Einstein's general theory of relativity predicts the existence of black holes, but nobody's ever actually seen one. As New Scientist reports, however, a team led by Shep Doeleman of MIT's Haystack Observatory is working to snap the first images of the supermassive black hole at the center of our galaxy.
That's no easy task. The object lies 30,000 light years away from Earth, and although it has about 4.5 million times the mass of our Sun, it's also only about the size of the "inner solar system." To put things in perspective, New Scientists says imaging Sagittarius A*'s event horizon (the point of no return for light around a black hole) is like trying to get a picture of a football on the Moon.
How do Doeleman and his team plan to do it?

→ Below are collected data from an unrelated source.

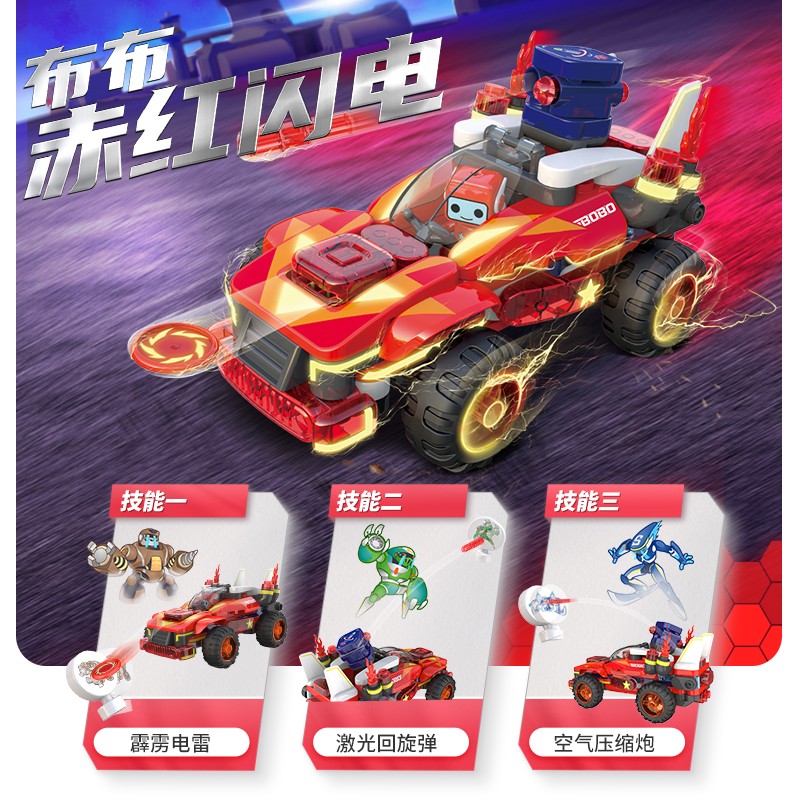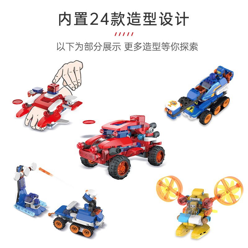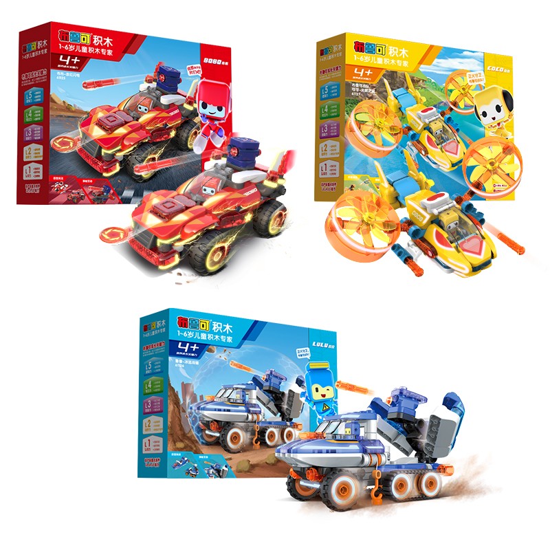 本款布鲁可套装为动画同款,包含三种交通工具系列积木组合而成。包括61125布布赤红闪电赛车(124颗粒)、61126布布冰蓝战锤导弹车(129颗粒)、61127可可光辉之翼飞机(136颗粒)。布鲁可积木交通工具系列61125布布赤红闪电套组,还原了布鲁可战队动画IP中的主角座驾之一,造型炫酷。拼插完成的车辆可以发射圆形飞盘、弹射“激光回旋弹”和“空气压缩炮”,还可以变形为高射炮训练、飞盘手弩、全地形越野霹雳战车、海底探险、攻击快艇、烈焰大脚战车、螳螂机器人和霹雳战斧合计8款变形设计。
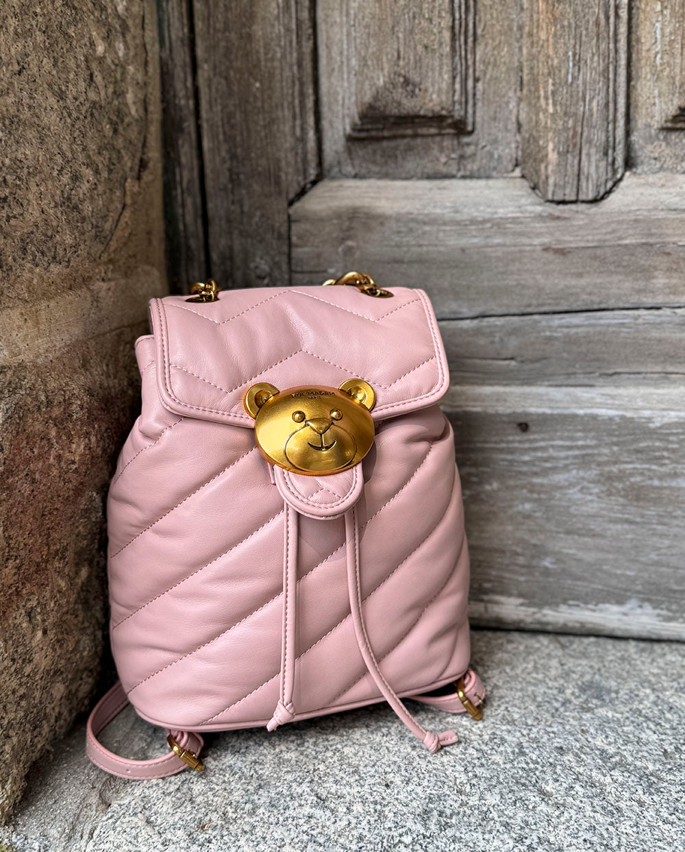 Mochila Puffy en ecopiel suave y acolchada. Cierre con imán en forma de osito y asa de cadena con efecto metálico envejecido.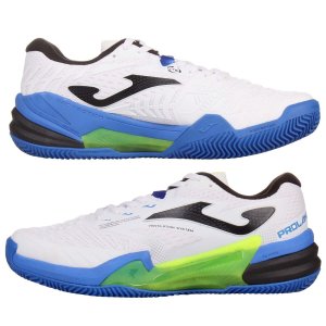Pánské tenisové boty JOMA Roland Men 2402 jsou navržené pro pravidelné a výkonnostní hráče a jsou vhodné na antukový povrch. Svršek je vyrobený z lehkého a prodyšného nylonu s perforací VTS, aby boty poskytovaly co nejlepší odvětrávání. Pro dosažení potřebného přizpůsobení se noze je na strategických místech tepelně utěsněný syntetický materiál JOMA SPORTECH. Tomu dopomáhá i zpevněný střih s polstrovaným jazykem a šněrováním PERFECT FIT. Ve špičce se nachází vstřikovaná guma technologie PROTECTION k jejímu zpevnění a větší ochraně při nárazu. Mezipodešev je vyrobena z lehkého, pružného phylonu s technologií STABILIS pro maximální odpružení, stabilitu a pohodlí při hře. Podešev DURABILITY je vyrobená z odolné pryže, která poskytuje vysokou úroveň odolnosti vyžadovanou na kurtech i s tvrdým povrchem.

No ordinary telescope could see such a small dark smudge. Instead, Doeleman is using a well-tested technique called very long baseline interferometry or VLBI. By combining the observations from widely separated dishes across the planet, radio astronomers can effectively reconstruct what would be seen by one enormous dish - even one as large as the Earth (see map). Because small dishes collect less light, a VLBI image is less bright than the image from a real planet-sized dish would be, but it can reveal just as much detail.
Using the part-built VLBI device, the team has already captured images "almost good enough" to show Sagittarius A*. You can see them in the gallery below, courtesy of nasaimages.org.
Of course, even though general relativity calls for Sagittarius A* to be a supermassive black hole, Doeleman and his team could end up with an image of something else. New Scientist says the team might see a boson star or something stranger yet—like an event horizon in a weird shape. That would imply relativity "is radically wrong when it comes to super-strong gravity," the article says.